- [WHAT IS REQUIRED]:
Pictures do not belong in the copy; quote every entry below exactly.

- [DATA IN THIS EXERCISE]:
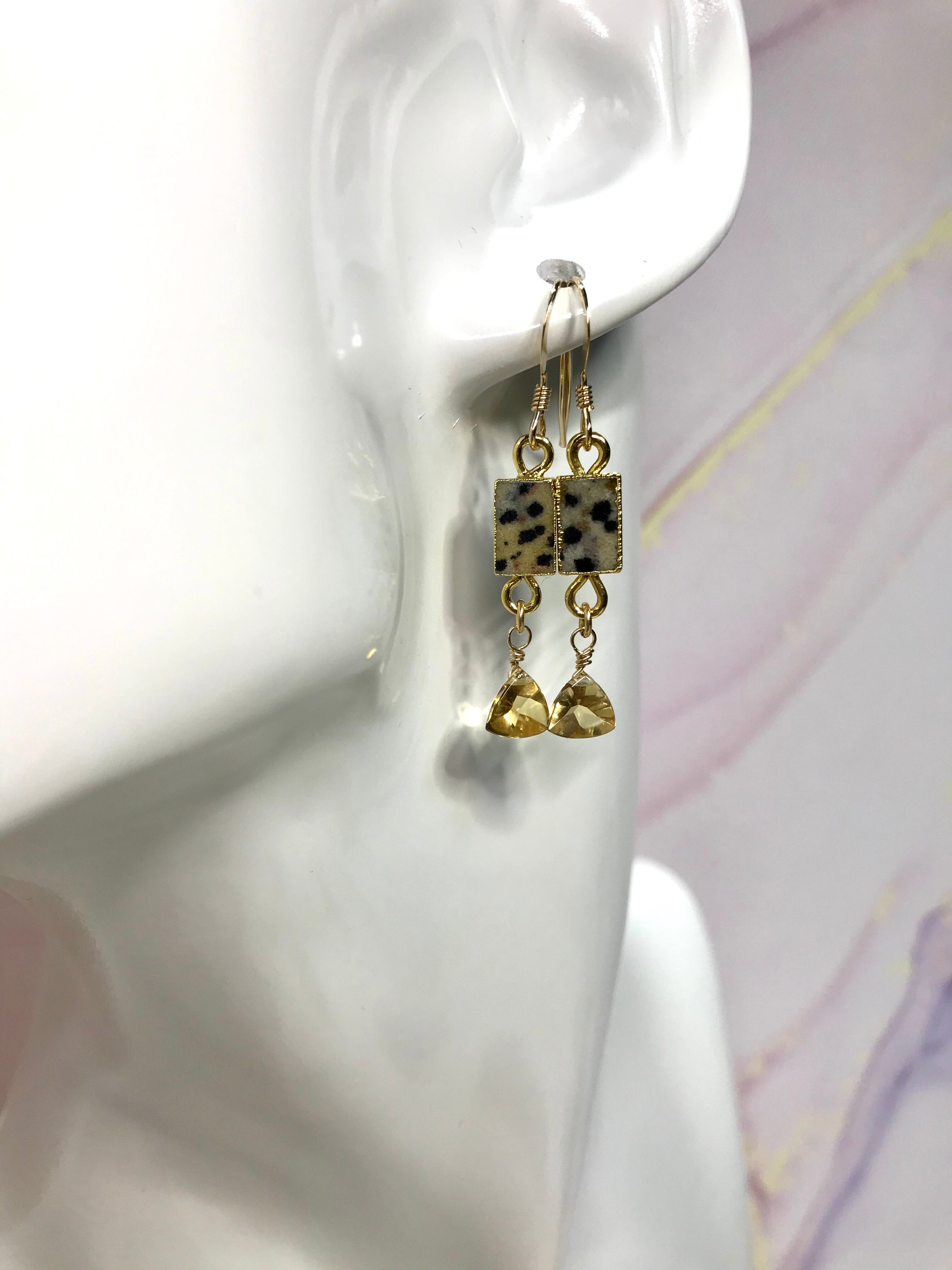 ダルメシアンジャスパー&トリリアンカットシトリンピアス
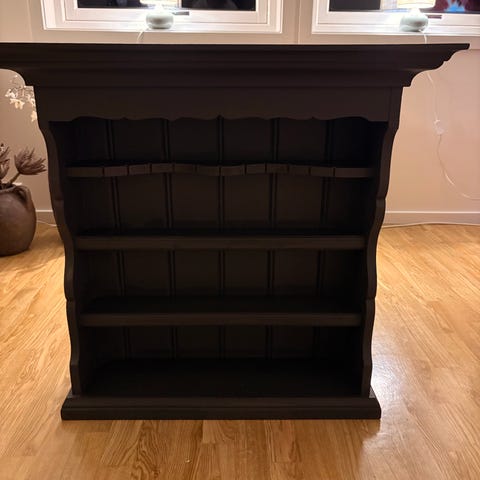 Hylle malt i dempet sort. Et lite sår i malingen.
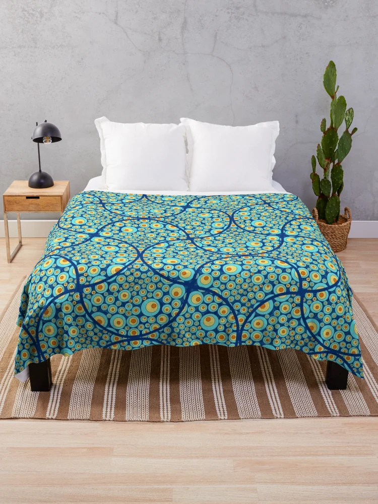 Starry Night On Sea Doodle Art Deco Ogee Fans Throw Blanket
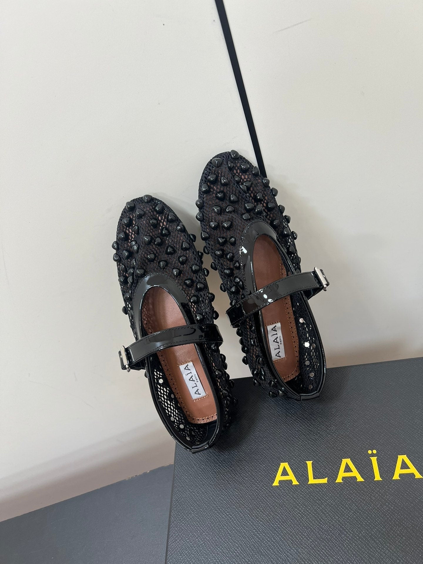 Alaila Ballet Flats With Studs On Fishnet In Black 975753
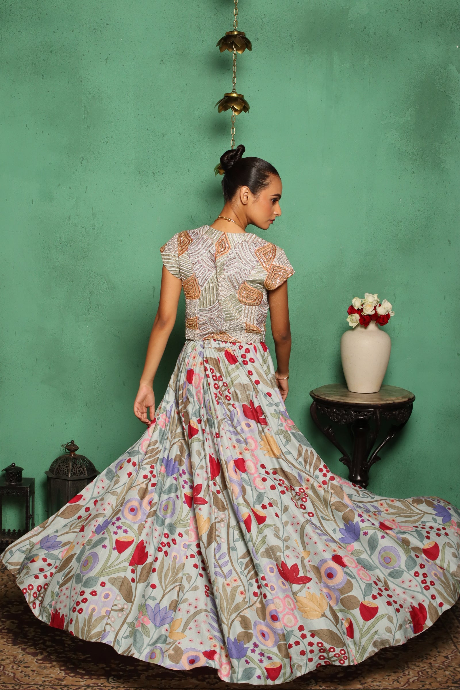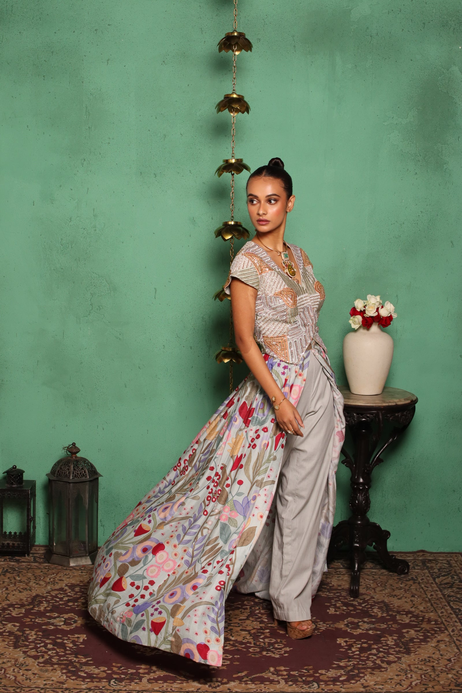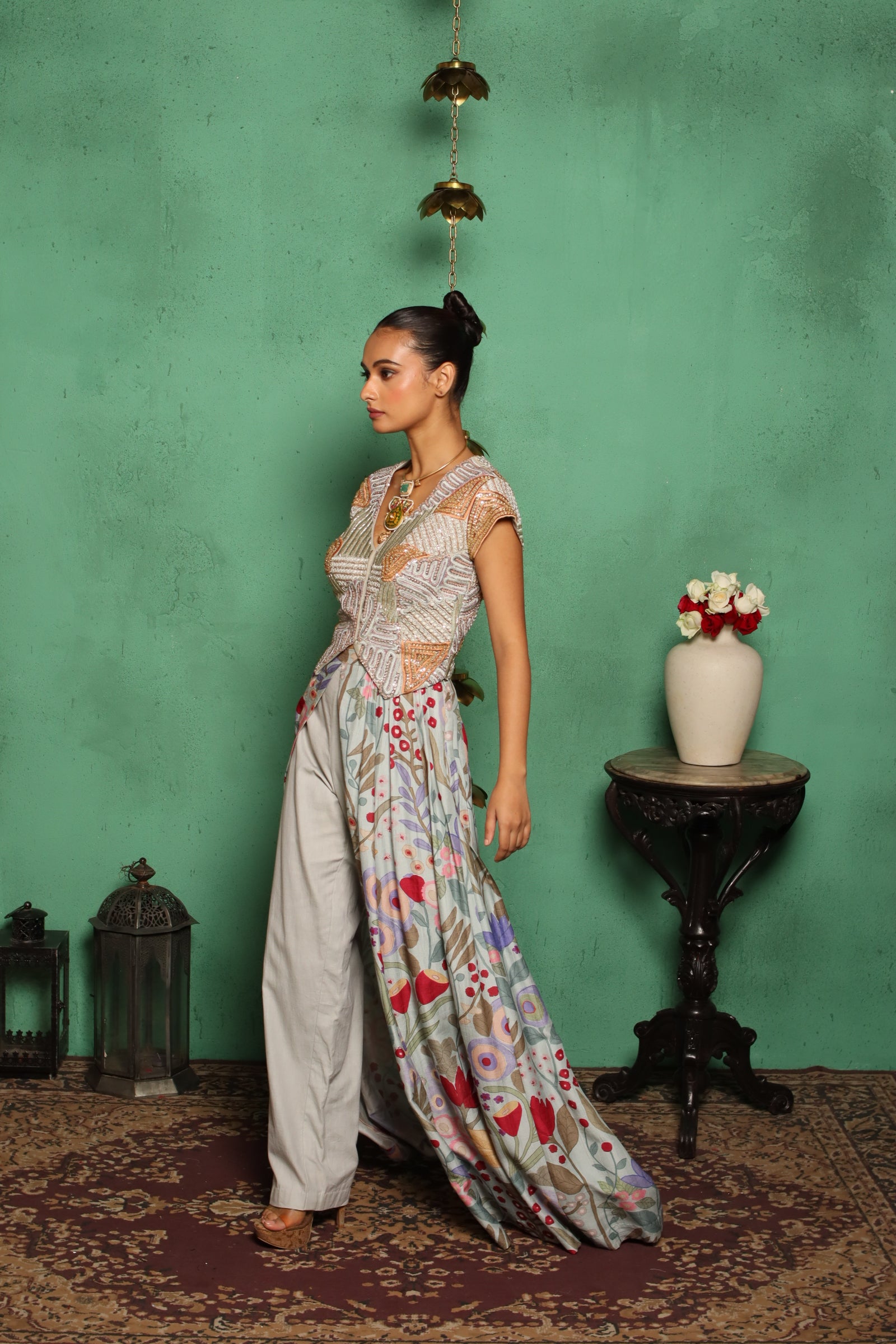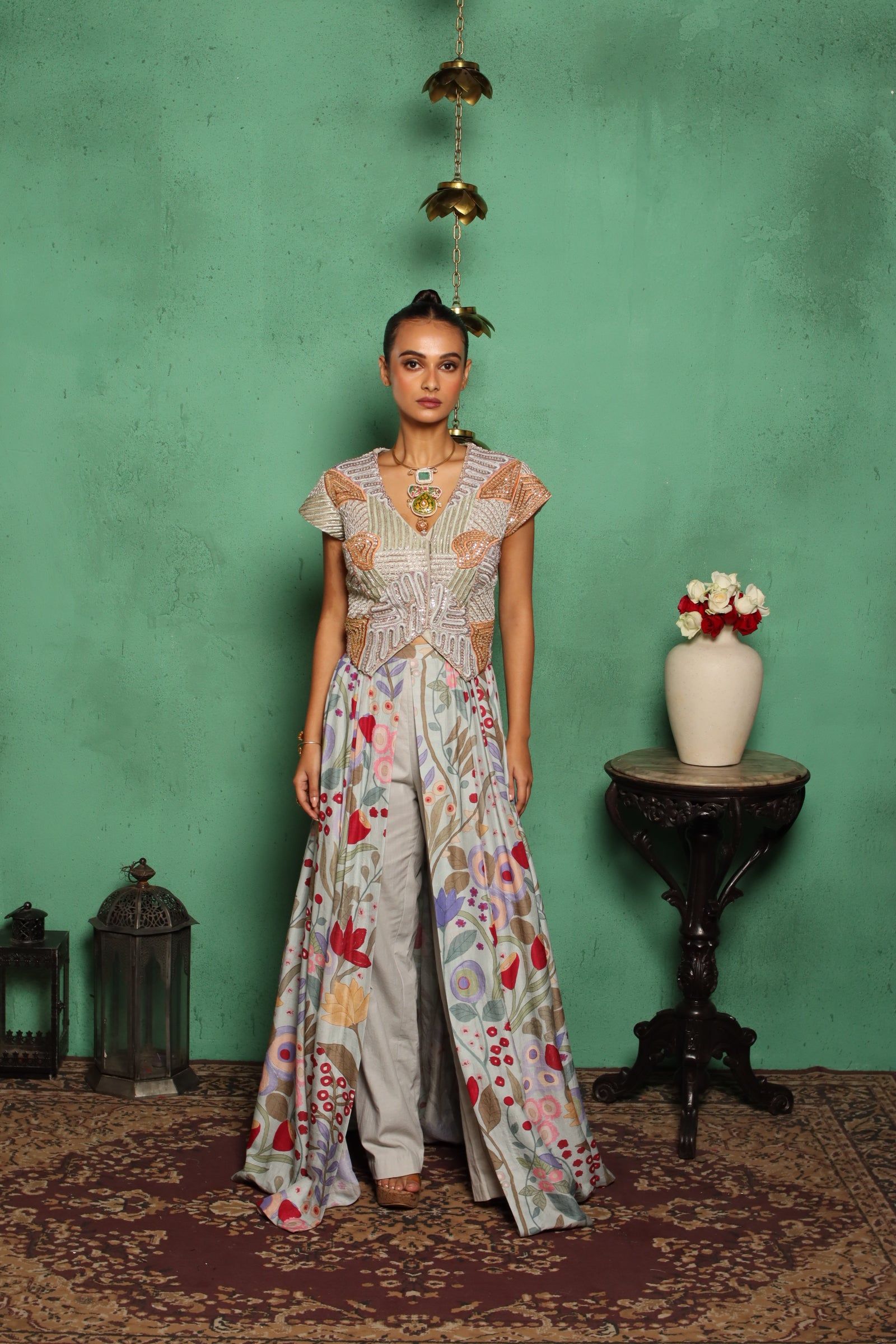 A Whisper Of Tradition, A Shout Of Style! This Classy Ensemble Features A Show-Stopping Embroidered Waistcoat Paired With Printed Pants & A Flowing Skirt Overlay. Geometric Artistry Meets Flowing Grace!

- [PROBLEM SOLUTION]:
 ダルメシアンジャスパー&トリリアンカットシトリンピアス
 Hylle malt i dempet sort. Et lite sår i malingen.
 Starry Night On Sea Doodle Art Deco Ogee Fans Throw Blanket
 Alaila Ballet Flats With Studs On Fishnet In Black 975753
 A Whisper Of Tradition, A Shout Of Style! This Classy Ensemble Features A Show-Stopping Embroidered Waistcoat Paired With Printed Pants & A Flowing Skirt Overlay. Geometric Artistry Meets Flowing Grace!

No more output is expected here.